Two Faculty Share Their Experiences at the National Science Foundation

September 19, 2017

After three-year appointments at the National Science Foundation (NSF), two College of Education and Human Development (CEHD) faculty have returned to the college this fall—though they’ll continue to bridge the gap between the federal government and the university in part-time roles.

Margret Hjalmarson is now the director of the PhD in Education program at the college. Eamonn Kelly has returned to Mason as an associate dean for research at CEHD.

Hjalmarson, who just finished a three-year appointment coordinating the review process for grant proposals at NSF, got to see how technology was impacting education—as well as how traditional teaching methods were being improved upon.

“It was interesting to see things that were both innovative and cutting edge, but also some things that were studying the way classrooms are currently working, the way teaching is currently happening,” Hjalmarson says.

Kelly spent his three years as a senior advisor to the assistant director of Education and Human Resources Directorate at NSF, working with senior staff, advising on budgets, responding to questions from Congress and people from the education field, and more. He also sat on several committees, such as NSF INCLUDES and NSF 2026 (which provides money to ambitious projects), and traveled to visit other leaders in the field—most recently the National Natural Science Foundation of China.

Kelly had also spent time working at NSF between 1997 and 2000, and then again from 2005 to 2006. Hjalmarson’s three-year appointment was her first time working at NSF.

According to Hjalmarson, NSF often hires people from the field of education for these temporary appointments, bringing new talent—often with fresh perspectives—into the federal fold.
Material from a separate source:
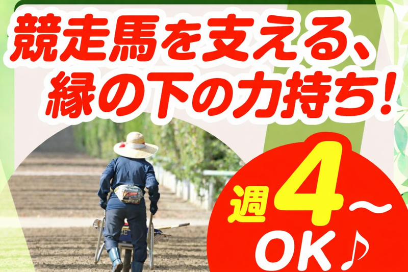 仕事内容 \\ ”レア求人”!馬好きさん必見♪ // 急募!とにかく人が足りません!!!! なので、「10:00~13:00」の ”短時間勤務”のシフトも追加しました✨ Wワークで働きたい方も大歓迎です! 競走馬を支える縁の下の力持ち! 普段は入れないJRA美浦トレセンの中で、 競走馬たちの“快適な環境”を守る仕事です。 一頭一頭の走りを陰で支える “チームの一員”として活躍できます! ╭━━━━━━━╮ この仕事の魅力 ╰v━━━━━━╯ ✅普通では立ち入れない 「JRAトレセン」で働ける! ✅馬や競馬が好きな方にはたまらない環境! ✅一度覚えたら、 あとはコツコツ・モクモク作業! ╭━━━━━━━━╮ 向いているタイプ ╰v━━━━━━━╯ ・動物が好き、馬が好き ・体を動かす仕事がしたい ・決まったルールの中でコツコツ働くのが得意 ・派手さよりも“縁の下の力持ち”にやりがいを感じる - ●具体的には●  ̄ ̄ ̄ ̄ ̄ ̄ ̄ JRA美浦トレーニングセンター内での 『馬糞清掃』のお仕事です。 ◎馬糞清掃 ▶馬道(砂道)に落ちた糞の回収・運搬 (熊手や一輪車を使って清掃を行います) 複数名のチームで清掃を行います。 ※トレセン内では業務車で送迎します。 (自分で運転はしません。) 外での仕事になるので 大変なところもありますが みんなで助け合いながら 作業を行っているので 未経験の方も安心して働ける環境です! 屋外作業なので、 天候に関係なく勤務があります。 (雨の日も、真夏も、冬の寒さも!) また、少し匂いがあったり 汚れたりも多く、体力も使う仕事です。 でもその分、 ========================= 自分がきれいにした馬道を馬が通る光景 には何とも言えない”達成感”があります✨ ========================= 未経験の方も、まずは先輩と一緒に 作業しながら少しずつ慣れていけます。 「大変でも、やりきるタイプ」 の方にぴったりのお仕事です!! ●1日の流れ (例/10:00~16:30勤務の場合) 10時00分 朝礼 10時10分 構外清掃(掃き掃除等) 11時15分 小休憩 11時30分 構内馬道清掃(馬糞拾い) 13時45分 昼休憩 14時45分 構内清掃(掃き掃除等) 15時00分 小休憩 15時15分 構内馬道清掃(馬糞拾い) 16時30分 退勤 実働5時間(休憩1時間30分) ●作業現場までは送迎車(バス等)で移動 ●雨の日や土日・祝日は手当あり ●作業人数が少ない日も手当あり ●残業は基本的にありません ※勤務時間は競走馬の 調教時間などで多少前後します。

It’s particularly beneficial to the university, she says, because the position provides “a better understanding of the interaction that can happen between the federal government and grant funding in the university as an organization.”

And even though Kelly and Hjalmarson are staying at NSF in part-time roles, they won’t be the only connection between Mason and NSF. According to Kelly, there are several more Mason faculty members who have taken NSF appointments and are currently working in government positions.

“We have quite a presence there,” Kelly says.